Here her eyes swelled with tears, but the inward consciousness of her guilt made her hide them and she turned aside to wipe them off.

—"Do you see him often?"

—"Very often."

—"Then you are more fortunate than I!"

—"Why Madam? you will see him once, and then continue with him for good."

—"God bless you for this good prophecy. Should I ever leave this convent, I'll remember it to your advantage. But now take this small present for your message."

Here she handed me a double pistole in gold, through the bars of the window, I eagerly seized her hand and kissed it, and while I was stooping and holding it fast, I pulled a small diamond ring which she well knew, off my finger, and put it on that on which she wore her wedding-ring. I then quickly turned round to be gone. She did not perceive the ring till I had got to the door, when she cried out, "Heavens, what is that? Should it———O stop, stop a little?" Bur I impetuously shut the door and made off.

My heart was quite pleased with the discovery I had made of my Adela's entire amendment, and already congratulated myself on my future happiness.

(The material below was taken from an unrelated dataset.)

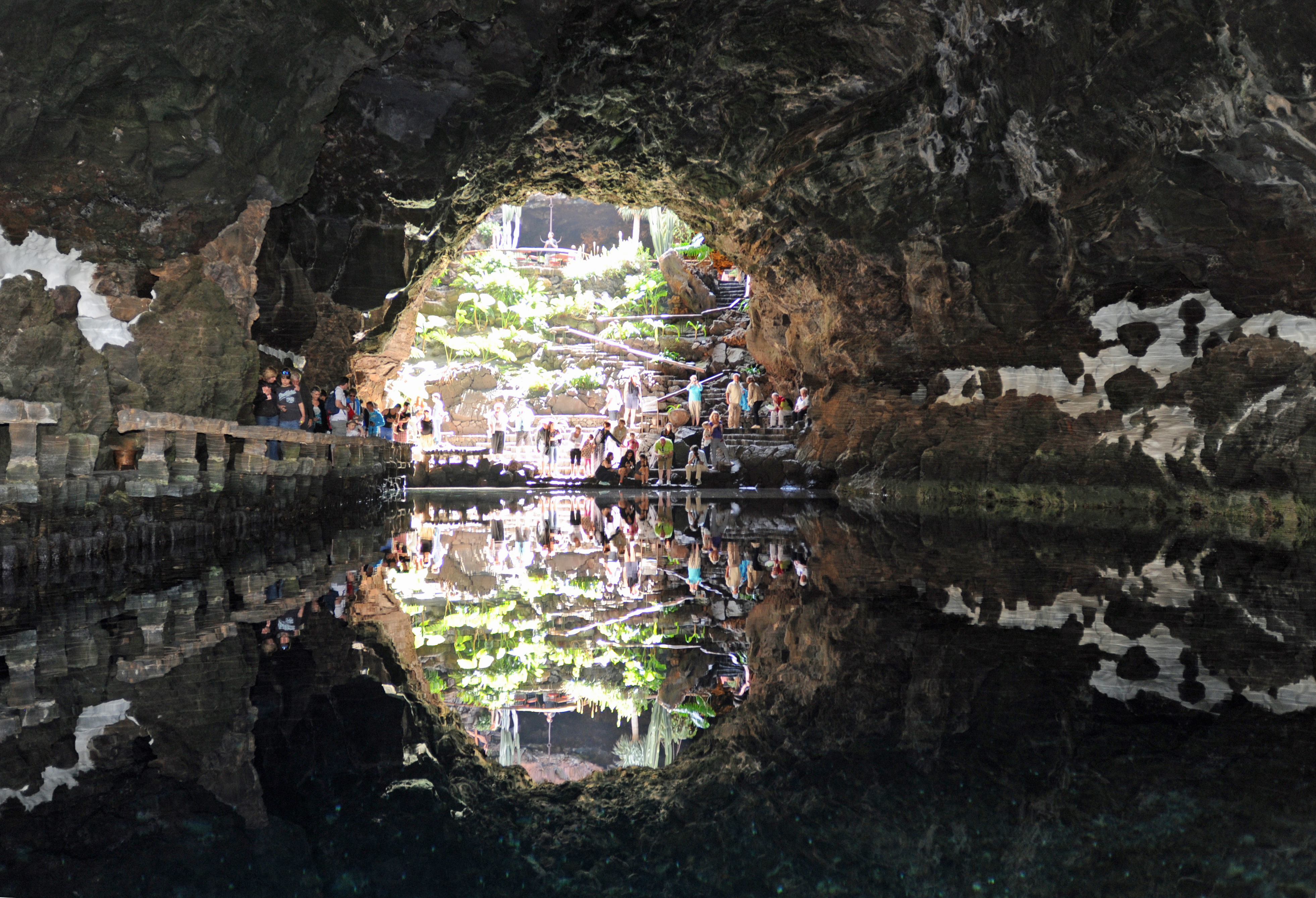 | | The chasms of Jameos del Agua | The Jameos del Agua are a set of three volcanic chasms located on a casing formed by volcanic lava very fluid glass from the volcano Monte Corona during its eruptions, there are between 4500 and 3000 years. This hose has its origin in the volcano’s crater, 6 km from the coast, and continues 1.5 km to a depth of 50 m under the sea, by what is called the “Tunnel of Atlantis” (Túnel de la Atlántida). This volcanic gut is one of the longest in the world, with nearly 8 km long. The top layer of the lava has solidified, while the washing continued to flow into the lower part. The depletion of the lava flow left a vacuum hose filled with volcanic gases; over the years the vault of the hose collapsed in different places, opening chasms similar karst sinkholes in limestone. The Jameos del Agua, like the Cueva de los Verdes, are sites where volcanic hose appears in the open, but other “jameos” exist upstream of the casting, such as Jameo de Puerta Falsa - where were hiding inhabitants of Lanzarote during the attacks of Barbary pirates - the Jameo Cumplido, largest, and Jameo de la Gente. The term jameo is an aboriginal term majo meaning “hole” or “mouth” of the land.

I was sure now, that her company would soon restore Caroline to her reason, and on my return to Toledo, I acquainted my friend with the success of my excursion, and he now joy fully consented to send his spouse to live with mine. A fortnight after, Coroline being much better than she had been lately, my friend communicated our plan to her, and she expressed a lively desire to be with my Adela in the manner proposed. The count accompanied her to the convent, where he found Adela to whom he delivered a very promising and tender letter from me.

On his return, we agreed to set out together on our long-projected tour through Italy. We were just in time for the carnival at Venice. We wrote therefore to our spouses, to acquaint them with our intended departure, and promised to return within a twelvemonth at farthest.